Nothing but the lines from the first line of the records through the line with "年轻女生站立着的正脸面部表情" should be output, exactly as written and free of pictures.
-- RECORDS FOR THIS TASK follows --
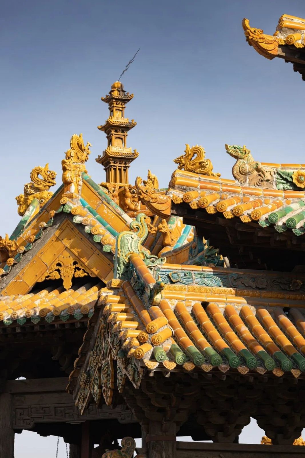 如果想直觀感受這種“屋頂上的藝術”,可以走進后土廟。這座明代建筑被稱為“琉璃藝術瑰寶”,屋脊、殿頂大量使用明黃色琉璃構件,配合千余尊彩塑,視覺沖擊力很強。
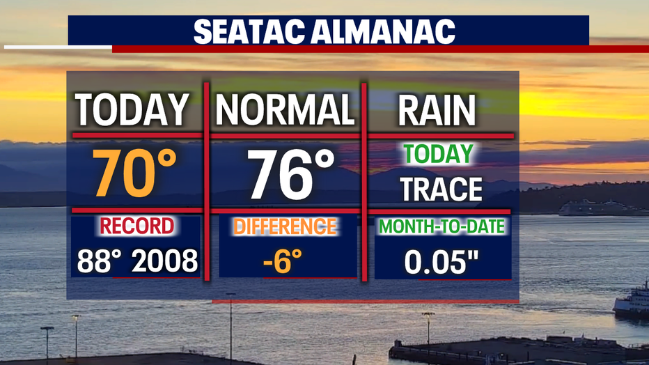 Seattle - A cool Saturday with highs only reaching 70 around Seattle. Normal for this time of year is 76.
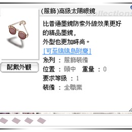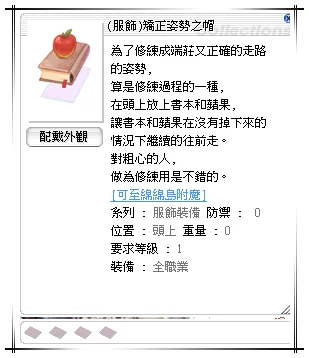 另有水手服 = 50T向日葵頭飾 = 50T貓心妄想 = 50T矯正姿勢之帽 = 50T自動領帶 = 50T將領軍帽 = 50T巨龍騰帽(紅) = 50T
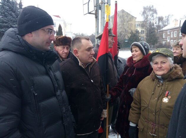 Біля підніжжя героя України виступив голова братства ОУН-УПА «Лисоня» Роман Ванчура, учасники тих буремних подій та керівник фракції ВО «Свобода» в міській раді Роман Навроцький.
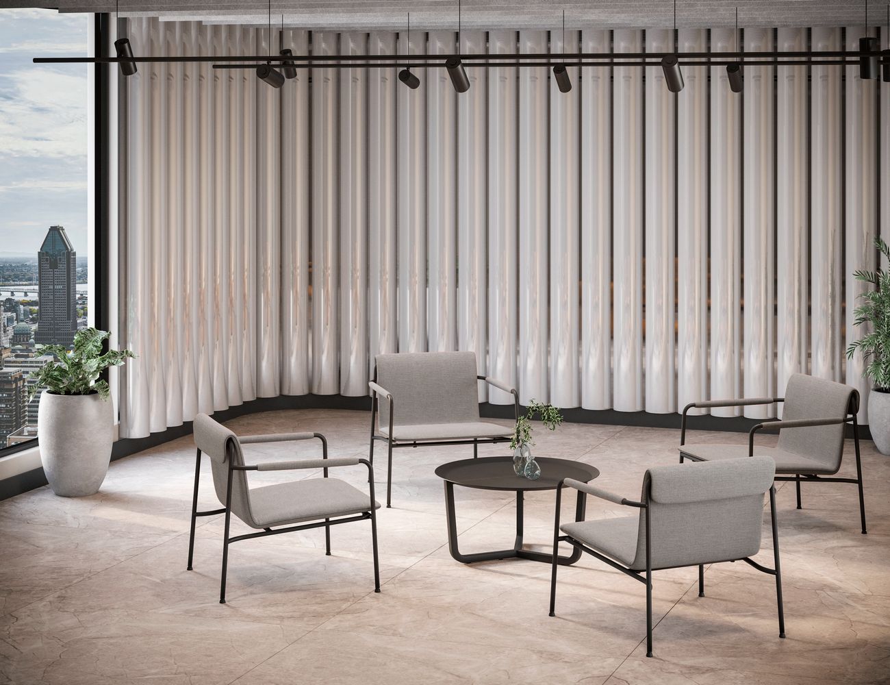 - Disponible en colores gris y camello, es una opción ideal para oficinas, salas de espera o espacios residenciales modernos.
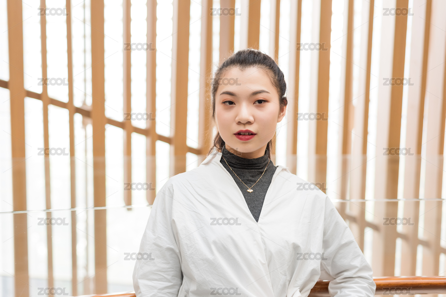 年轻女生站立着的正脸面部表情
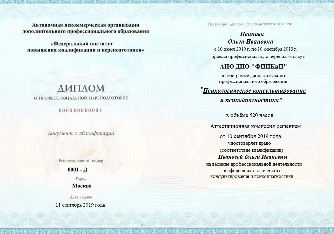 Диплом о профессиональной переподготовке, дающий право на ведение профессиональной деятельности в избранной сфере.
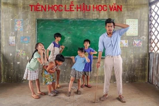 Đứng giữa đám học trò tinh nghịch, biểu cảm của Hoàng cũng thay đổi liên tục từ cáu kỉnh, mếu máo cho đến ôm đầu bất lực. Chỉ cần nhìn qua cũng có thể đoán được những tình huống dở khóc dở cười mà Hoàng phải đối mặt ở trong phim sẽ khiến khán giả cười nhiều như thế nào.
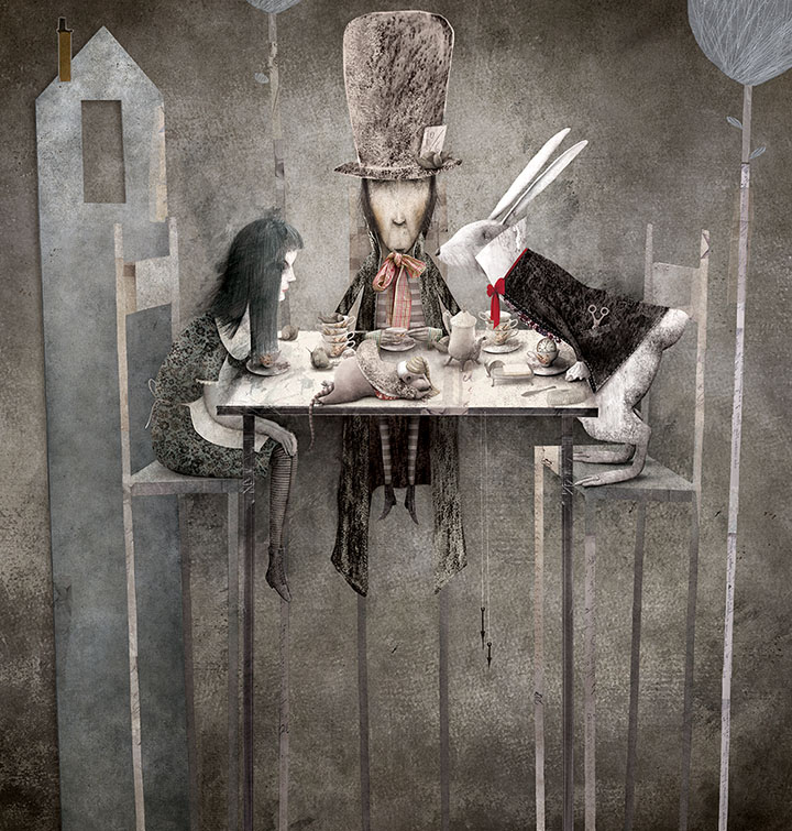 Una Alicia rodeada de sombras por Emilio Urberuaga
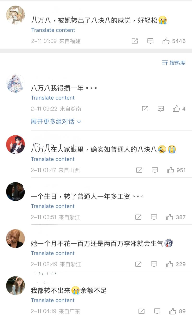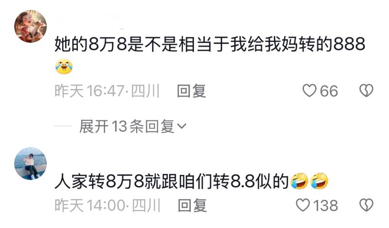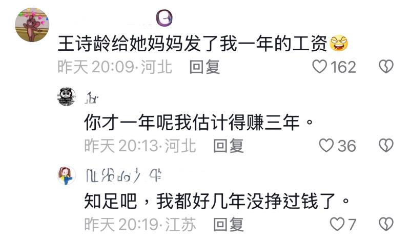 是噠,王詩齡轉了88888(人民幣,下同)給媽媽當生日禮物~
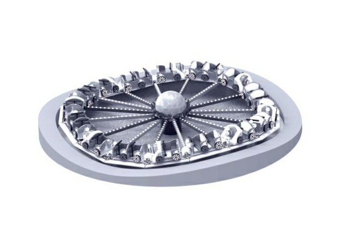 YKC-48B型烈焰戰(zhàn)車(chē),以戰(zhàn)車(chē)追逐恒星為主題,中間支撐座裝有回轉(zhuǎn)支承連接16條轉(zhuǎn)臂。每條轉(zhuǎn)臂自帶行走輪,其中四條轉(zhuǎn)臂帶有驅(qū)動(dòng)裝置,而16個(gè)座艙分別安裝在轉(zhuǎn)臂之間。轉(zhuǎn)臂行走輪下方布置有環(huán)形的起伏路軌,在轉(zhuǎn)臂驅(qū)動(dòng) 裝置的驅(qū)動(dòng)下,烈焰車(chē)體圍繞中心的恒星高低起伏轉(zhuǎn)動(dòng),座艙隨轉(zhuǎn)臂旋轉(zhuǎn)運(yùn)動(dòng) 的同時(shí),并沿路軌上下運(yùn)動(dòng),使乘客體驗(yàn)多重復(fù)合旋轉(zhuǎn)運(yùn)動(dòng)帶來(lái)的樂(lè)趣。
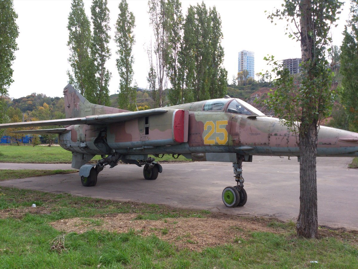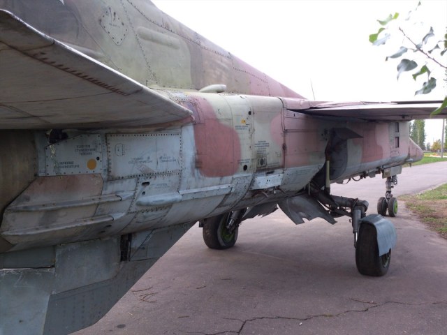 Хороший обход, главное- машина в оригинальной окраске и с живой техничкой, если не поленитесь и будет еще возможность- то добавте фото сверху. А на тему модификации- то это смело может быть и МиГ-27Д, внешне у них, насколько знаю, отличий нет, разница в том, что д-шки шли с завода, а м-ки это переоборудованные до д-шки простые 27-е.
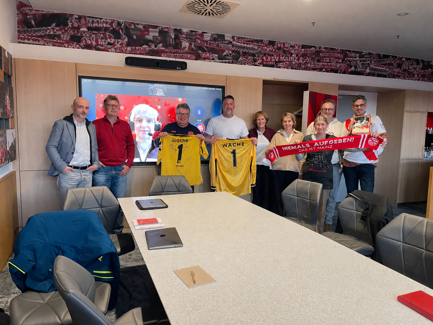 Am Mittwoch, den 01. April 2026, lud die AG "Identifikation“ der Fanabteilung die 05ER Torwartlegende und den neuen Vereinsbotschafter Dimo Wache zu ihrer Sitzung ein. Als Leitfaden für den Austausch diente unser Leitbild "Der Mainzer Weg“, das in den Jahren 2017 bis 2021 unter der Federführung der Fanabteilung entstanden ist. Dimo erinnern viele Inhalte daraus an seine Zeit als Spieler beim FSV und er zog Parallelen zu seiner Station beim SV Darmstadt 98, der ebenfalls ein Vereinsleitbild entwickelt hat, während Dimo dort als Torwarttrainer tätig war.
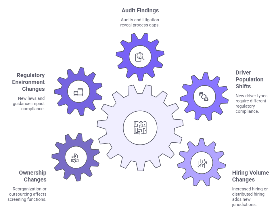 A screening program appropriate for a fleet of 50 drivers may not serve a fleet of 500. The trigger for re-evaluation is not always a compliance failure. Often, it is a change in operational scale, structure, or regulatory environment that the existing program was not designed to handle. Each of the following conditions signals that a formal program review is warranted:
-- RECORDS FOR THIS TASK concluded --
** RESULT FOR THIS TASK **
 如果想直觀感受這種“屋頂上的藝術”,可以走進后土廟。這座明代建筑被稱為“琉璃藝術瑰寶”,屋脊、殿頂大量使用明黃色琉璃構件,配合千余尊彩塑,視覺沖擊力很強。
 Seattle - A cool Saturday with highs only reaching 70 around Seattle. Normal for this time of year is 76.
 另有水手服 = 50T向日葵頭飾 = 50T貓心妄想 = 50T矯正姿勢之帽 = 50T自動領帶 = 50T將領軍帽 = 50T巨龍騰帽(紅) = 50T
 Біля підніжжя героя України виступив голова братства ОУН-УПА «Лисоня» Роман Ванчура, учасники тих буремних подій та керівник фракції ВО «Свобода» в міській раді Роман Навроцький.
 - Disponible en colores gris y camello, es una opción ideal para oficinas, salas de espera o espacios residenciales modernos.
 年轻女生站立着的正脸面部表情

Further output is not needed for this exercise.